CM . . . .
Volume VI Number 19 . . . . May 26, 2000
As one of the twentieth century's greatest artists and best-known celebrities, Rudolf Nureyev came to symbolize dance in much the same way as Babe Ruth symbolizes baseball and Luciano Pavarotti does the opera. He was a force in the dance world, and his contributions were enormous and revolutionary. His superior talent and charismatic presence drew millions of people to the ballet for the first time, creating a worldwide audience for dance. His technical prowess and masculine style made dancing once again an acceptable profession for men.Organized chronologically, The Dancer Who Flew includes background on the use of historical and contemporary place names, an introduction to the author's relationship with Nureyev, a glossary of ballet terms, and an extensive list of acknowledgments.
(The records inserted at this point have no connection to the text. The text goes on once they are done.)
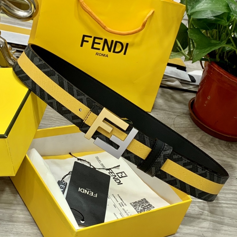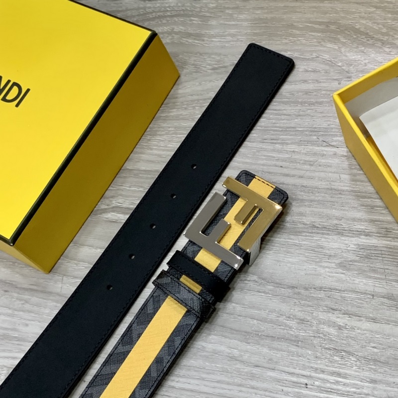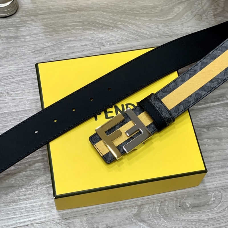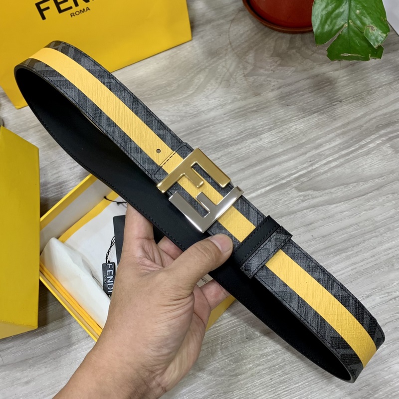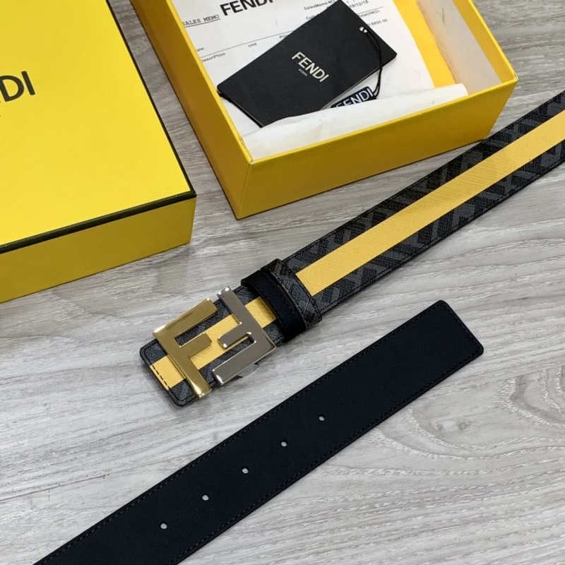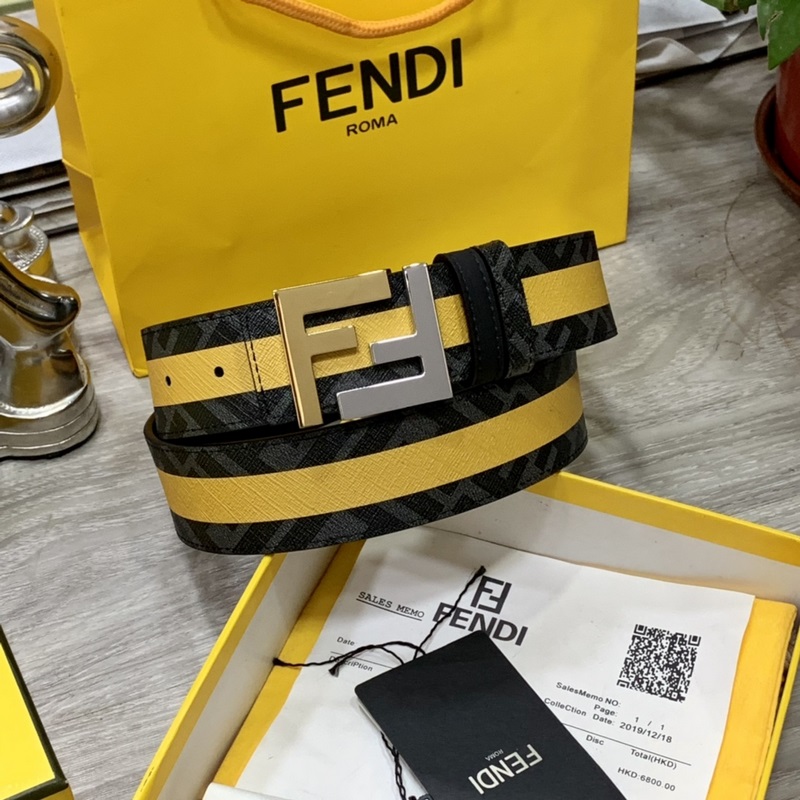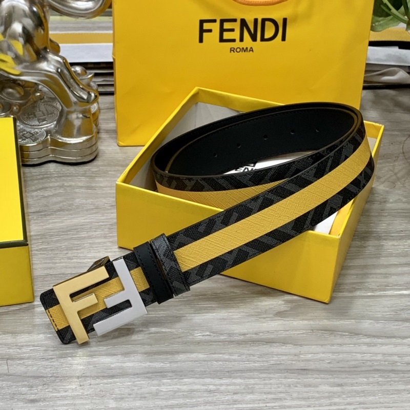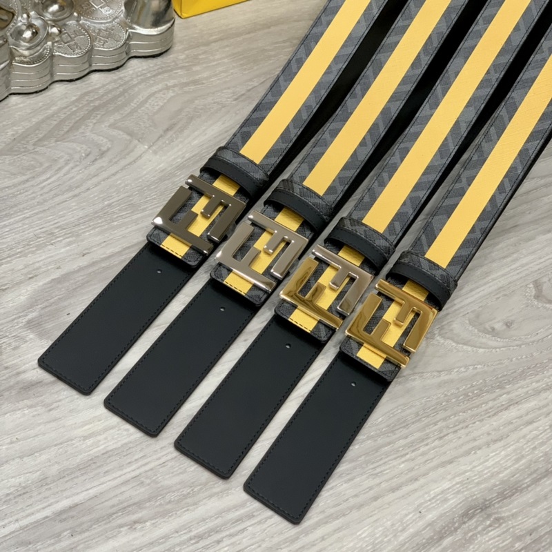 FENDI pult stílusú 4,0 cm széles dupla hurkos megfordítható öv FF pattintható csat Fekete Cuoio Romano bőr anyag Dohány sárga és fekete FF minta a hátoldalon Négyzet alakú gyémánt fém kivitel Divatos és klasszikus All-match stílus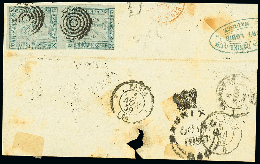 — worn impression 2d. on blued paper, vertical pair, the upper stamp with margins all round, the lower example touched or cut into at places, tied to piece by mute concentric circles cancellations, Mauritius G.P.O. c.d.s. of 12 Oct. 1859 and a variety of French transit datestamps on reverse. S.G. 39. Photo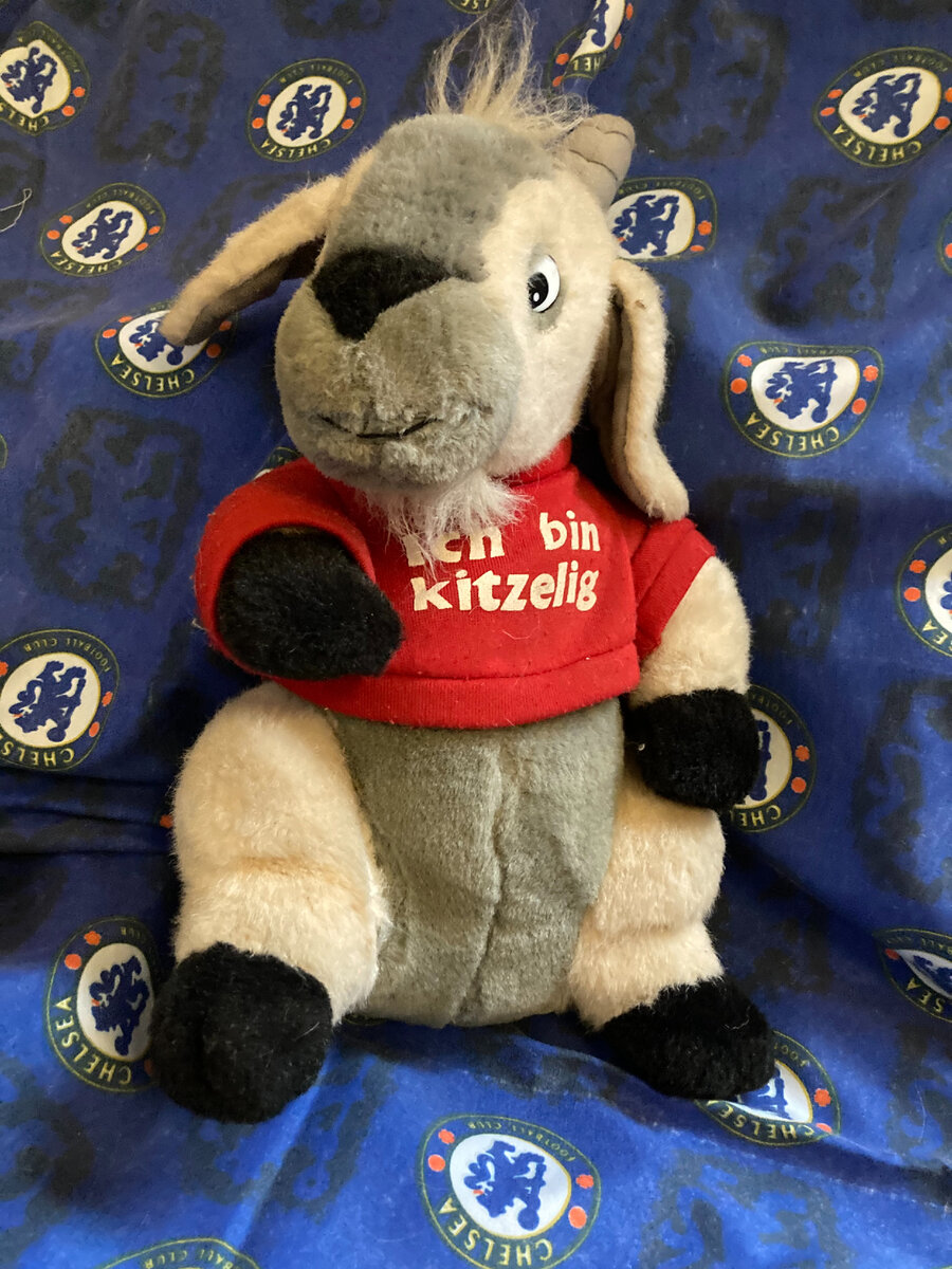 Ну так вот, мы с Максом принесли из секонд-хенда вместо куртки эту козу Зою, посадили её в кресло, и Максик, само собой, кинулся играть с новой игрушкой.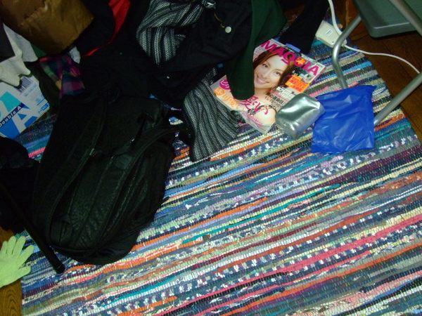 鋪在我房間的地毯也是看很久的東西,是一個叫SALUT的少女家居品牌,這個牌子特色就是全品都是1050日元,而且我買這條還打八折算成台幣大概280元左右呢,剛好鋪在我桌子前面,這樣腳也不會直接碰到冰冷的地板,只是我現在房間有點亂,哈哈,這條地毯好像是用殘布編的,所以店面每一條都不一樣花色,說實在我考慮了三次吧,因為它有一點點重,怕到時想帶回台灣有點麻煩,但我想只有我會帶這種便宜又重的東西回台吧,因為我還滿念舊的,一年後我一定會對他有感情的呢。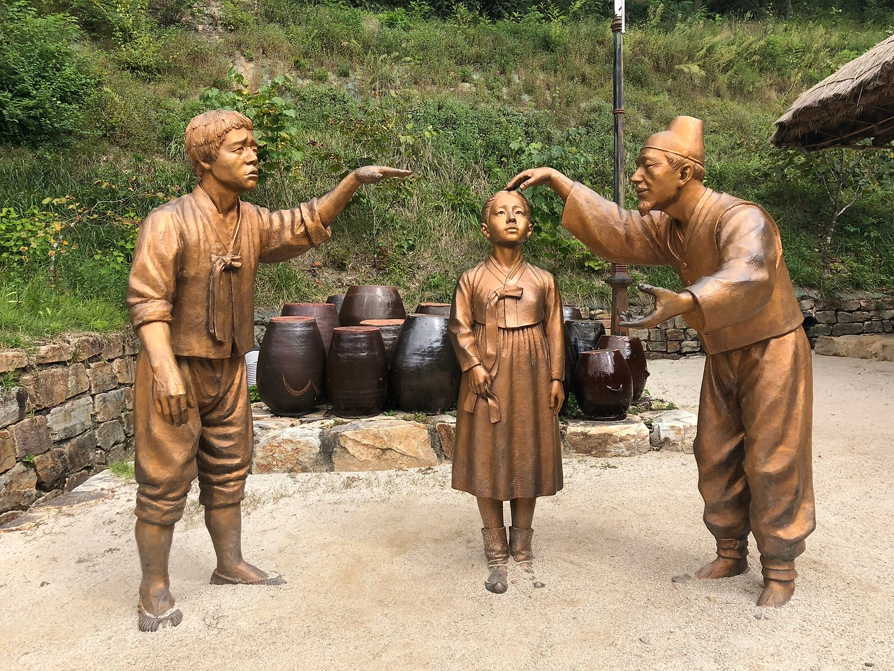 김유정의 고향이자 작품의 배경이 된 실레마을은 곳곳에서 김유정의 숨결이 느껴진다. 실레이야기길의 시작점인 '김유정 문학촌'에는 복원된 김유정 생가와 전시관, 소설 속 풍경을 재현해 둔 조형물 등을 볼 수 있다. 그중에서도 단연 내 눈에 띈 것은 <봄.봄>에 나오는 장면을 재현해 둔 조형물이다. 김유정이 1935년에 발표한 <봄.봄>은 순진한 주인공이 마름의 딸 ‘점순’이와 혼인하기 위해 데릴사위로서 약정된 머슴 노릇을 하면서 겪게 되는 일을 그린 작품이다. 조형물 옆에 적혀 있는 소설 속 대사를 소리 내어 읽어보면 소설 속 그때 그 시절로 뛰어든 듯한 착각을 일으킨다. 이 작품은 학창 시절에도 굉장히 재미있게 읽었던 기억이 있다. 특히 실감 나는 우리말 표현에서 느껴지는 구수함이 매력적이다.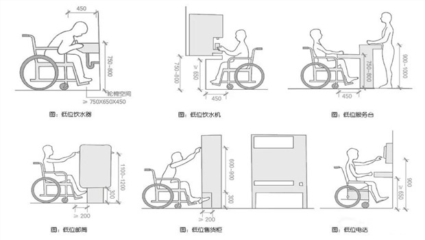 低位服務設施 拓新盛達 | 0 次訪問 | 2019-12-09 1.設置低位服務設施的范圍包括問詢臺、服務窗口、電話臺、安檢驗證臺、行李托運臺、借閱臺、各種業務臺、飲水機等; 2.低位服務設施上表面距地面高度宜為700mm~850mm ,其下部宜至少留出寬750mm ,高650mm ,深450mm 供乘輪椅者膝部和足尖部的移動空間; 3.低位服務設施前應有輪椅回轉空間,回轉直徑不小于1. 50m ; 4.掛式電話離地不應高于900mm 。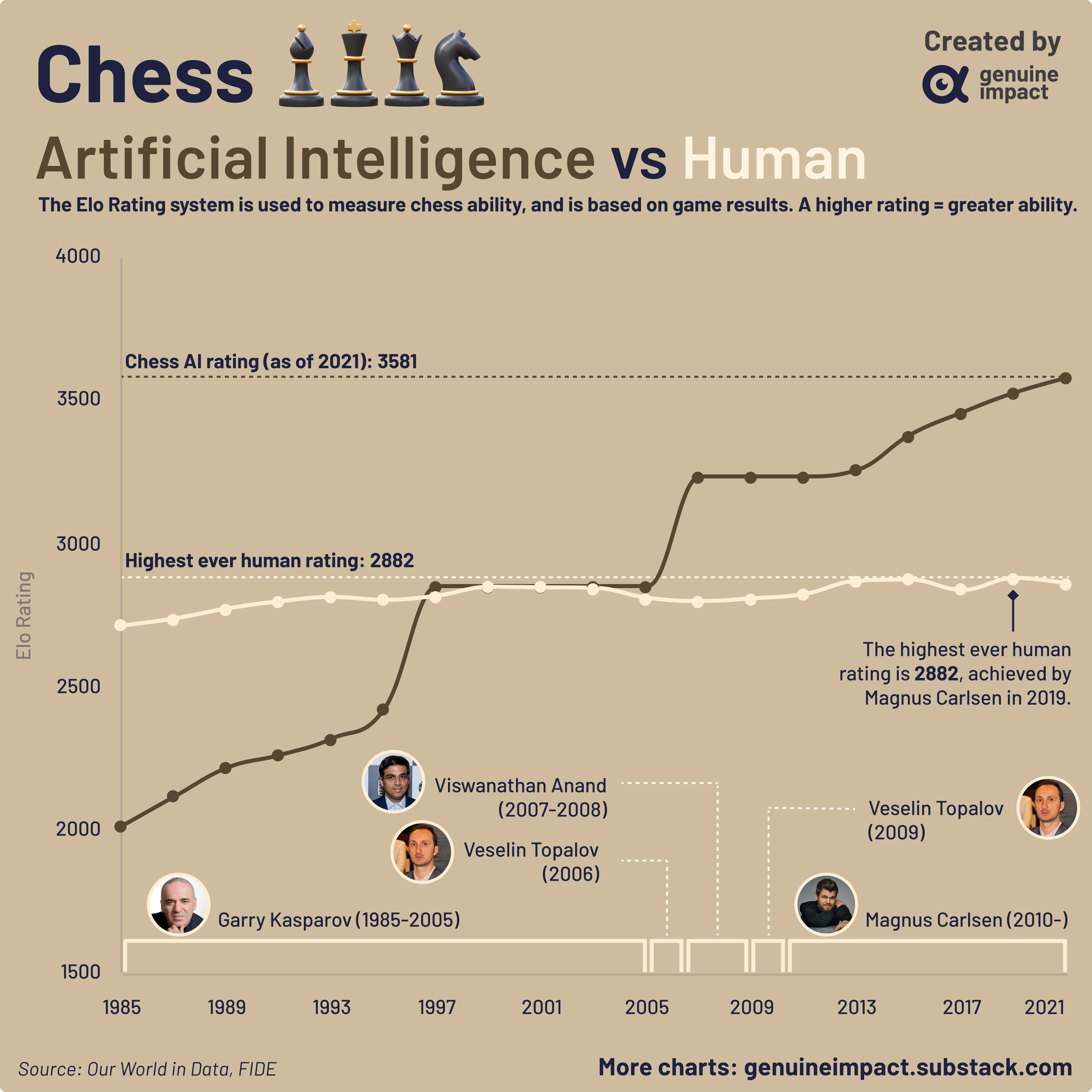 Lastly, looking at the ELO rating of Chess AIs shows us just how exponentially more powerful these models are becoming compared to even peak human performance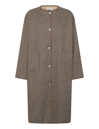 Syntetisk fôrDenne kåpen i ullblanding har et mykt teddyfôr som gir en avslappet og behagelig passform. Herringbone-veven tilfører et snev av tekstur, mens kontrastkantene gir en subtil detalj. Den er avsluttet med store, praktiske frontlommer og trykknapplukking.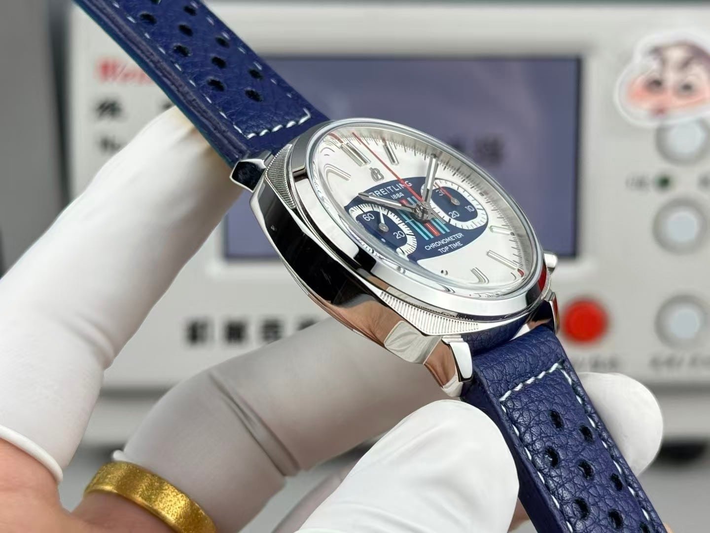 The Breitling Top Time in this blue-white reverse-panda configuration feels different from the DEUS editions and even from other colorways in the series. The first moment it settles on the wrist, the watch shows a cleaner, more contemporary rhythm—lighter in presence, sharper in contrast, and more intentional in how the blue tones respond to the surrounding light. The polished steel case carries a soft coolness that works naturally with the deep blue perforated leather strap, and the white dial amplifies that temperature shift by offering a clear visual field that almost brightens the wrist. This china super clone Top Time leans into a youthful, graphic expression of the series rather than the nostalgic tone some variants carry, and that shift is noticeable from the very first wear.

Many black and white photographs capture Nureyev's most spectacular dance moments and portray important people in his life such as teachers and friends. While the font is small, the text flows freely and quickly, evoking the fast-paced drama that characterized Nureyev's life.
Sadly, The Dance Who Flew will have a limited audience, particularly among many male young adults who still view ballet as a less than masculine profession. Ironically, they will be inadvertently dismissing a story of the man who, through his great physical strength and passionate drive for perfection, reinvented the role of the male ballet dancer. The work, itself, extends beyond the dance stage to give readers a sense of the political atmosphere during the Cold War, making it an intriguing biography worth of inclusion in any large library collection.
Tom Knutson, a children's librarian at Vancouver Public Library, is vice-chair of the Young Adult and Children's Section of the British Columbia Library Association.